◆ What to work on ◆
Which lines of the entries below run from the one holding "L’estetica è affidata" to the one holding "The main feature", inclusive? Set down exactly those lines and no others.

◆ Data to use ◆
-------
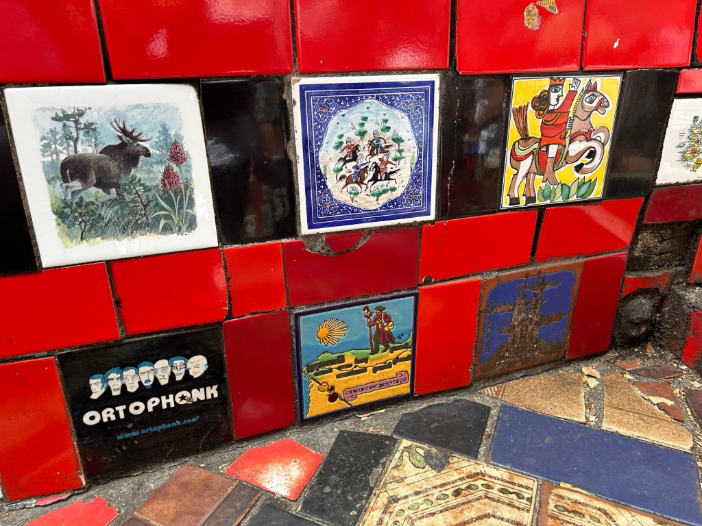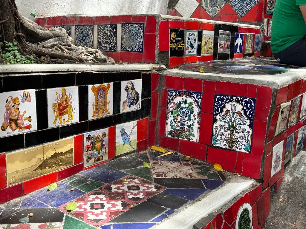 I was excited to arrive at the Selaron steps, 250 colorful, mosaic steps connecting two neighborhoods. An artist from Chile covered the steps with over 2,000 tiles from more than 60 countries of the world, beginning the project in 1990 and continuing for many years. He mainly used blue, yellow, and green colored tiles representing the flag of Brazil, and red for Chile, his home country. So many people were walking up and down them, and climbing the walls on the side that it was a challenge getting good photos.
-------
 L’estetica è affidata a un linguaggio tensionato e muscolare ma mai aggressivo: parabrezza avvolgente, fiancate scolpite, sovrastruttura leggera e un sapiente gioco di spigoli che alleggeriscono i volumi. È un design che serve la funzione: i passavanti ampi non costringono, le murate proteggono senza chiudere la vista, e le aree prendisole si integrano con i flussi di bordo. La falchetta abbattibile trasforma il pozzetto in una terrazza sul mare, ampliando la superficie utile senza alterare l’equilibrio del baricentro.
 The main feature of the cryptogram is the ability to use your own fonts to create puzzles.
-------
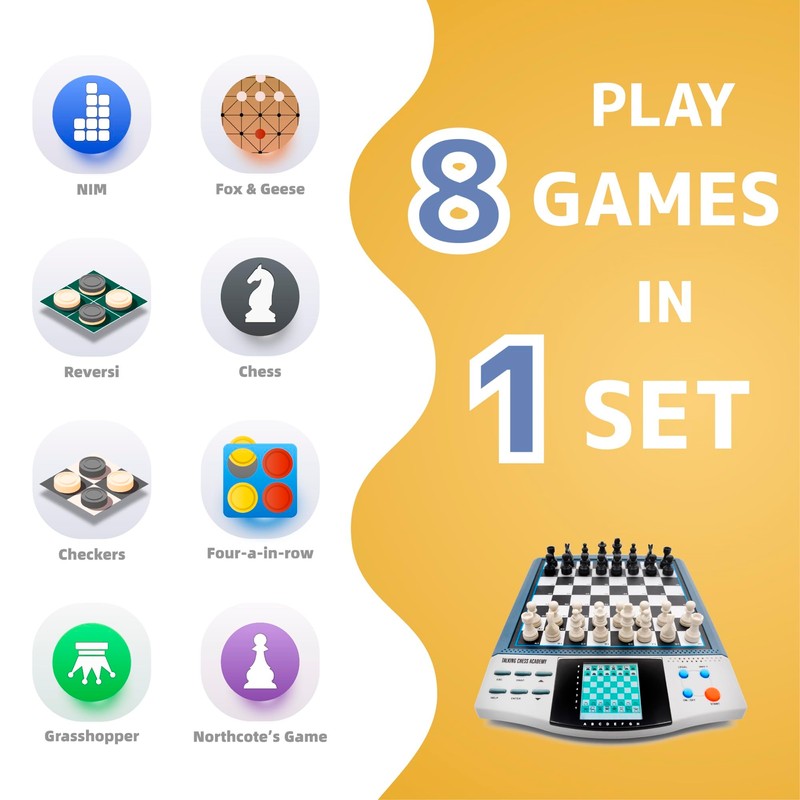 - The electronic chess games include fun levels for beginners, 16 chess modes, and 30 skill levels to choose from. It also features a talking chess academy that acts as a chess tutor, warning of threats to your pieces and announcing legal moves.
-------
◆ Task answer ◆
 L’estetica è affidata a un linguaggio tensionato e muscolare ma mai aggressivo: parabrezza avvolgente, fiancate scolpite, sovrastruttura leggera e un sapiente gioco di spigoli che alleggeriscono i volumi. È un design che serve la funzione: i passavanti ampi non costringono, le murate proteggono senza chiudere la vista, e le aree prendisole si integrano con i flussi di bordo. La falchetta abbattibile trasforma il pozzetto in una terrazza sul mare, ampliando la superficie utile senza alterare l’equilibrio del baricentro.
 The main feature of the cryptogram is the ability to use your own fonts to create puzzles.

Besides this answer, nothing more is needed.